_Dataset content_:
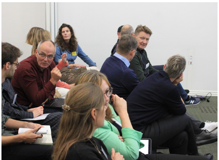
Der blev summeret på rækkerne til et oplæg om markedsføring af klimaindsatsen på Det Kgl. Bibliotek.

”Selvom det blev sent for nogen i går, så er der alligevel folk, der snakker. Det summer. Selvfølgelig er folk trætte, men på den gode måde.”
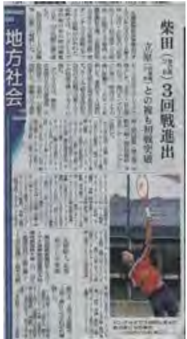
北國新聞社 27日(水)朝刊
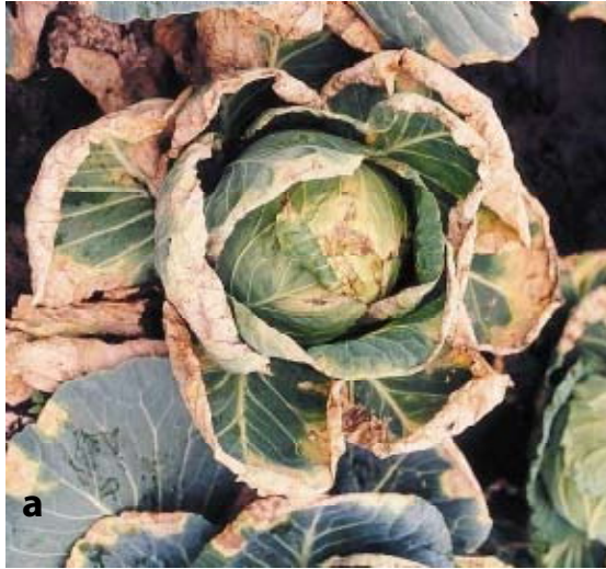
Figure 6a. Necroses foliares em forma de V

_Task description_: The range to transcribe runs from the line holding "det blev sent" through the final line of the data above; copy it exactly and exclude the pictures.

_Answer to this problem_:
”Selvom det blev sent for nogen i går, så er der alligevel folk, der snakker. Det summer. Selvfølgelig er folk trætte, men på den gode måde.”
北國新聞社 27日(水)朝刊
Figure 6a. Necroses foliares em forma de V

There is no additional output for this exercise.